Now! I am not particularly scared of dying, but I am afraid of stroking out!

So, I am going to take those statins.

Sigh...

###

In other news, Remuneration client seems to be on the verge of sending me a new assignment, which would be great.

Date: 2026-02-03 05:28 pm (UTC)
halfmoon_mollie1: (Default)
From: [personal profile] halfmoon_mollie1
speaking purely for myself. take those stations (i've been taking one for about four years now.) I'm not ready to lose you yet. You ARE a unique and special person.

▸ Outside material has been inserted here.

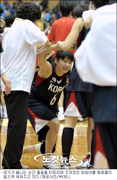 지난 28일 아시아 여자농구선수권 대회 결승에서 중국에게 3점차로 분패하고 2012년 런던올림픽 직행 티켓을 놓친 순간 한국 대표팀의 가드 최윤아(26·신한은행)는 코트에 주저앉아 펑펑 울었다.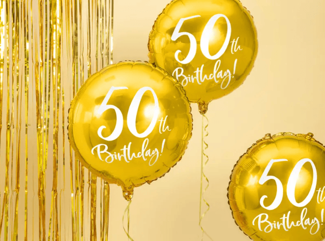 • 1 x okrągły balon foliowy z napisem 50th Birthday, rozmiar 45 cm z helem + wstążka ~1,5 m.

Date: 2026-02-03 06:38 pm (UTC)
asakiyume: created by the ninja girl (Default)
From: [personal profile] asakiyume
Huh, your entry got me to read up on statins (because I had a vaguely negative impression based on half-heard buzz over the years, and also because I have bad cholesterol numbers), and it looks like they're considered very safe and beneficial, and they think they work by stabilizing plaques. So! I learned something today.

Love your photo.

Date: 2026-02-03 08:06 pm (UTC)
adoptedwriter: (Default)
From: [personal profile] adoptedwriter
Yeah…I thought my anxious feelings would subside after my mom died. Nope. The political/world situation is doing it. Weather def doesn’t help. My husband has been on statins since the early 2000s. More pleased than minuses. Makes him feel “safer” from bad stuff happening.

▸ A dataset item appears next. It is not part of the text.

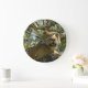 Lioness tittar från Träd vid nästa måltid och gick på marken under henne på en klocka. med svarta siffror mellan 1 och 12

Date: 2026-02-05 12:13 am (UTC)
fauxklore: (Default)
From: [personal profile] fauxklore
I have a problem with statements like "your chance of having a stroke increased 30%." How serious that is depends on the baseline you're measuring from. If the non-statin odds of having a stroke are, say, 1 in a million, a 30% increase is not very significant, while if the baseline odds are 1 in 10, that is actually scary.

Btw, re: side effects, there are several different statin drugs and people who get muscle aches using one of them can switch to a different one.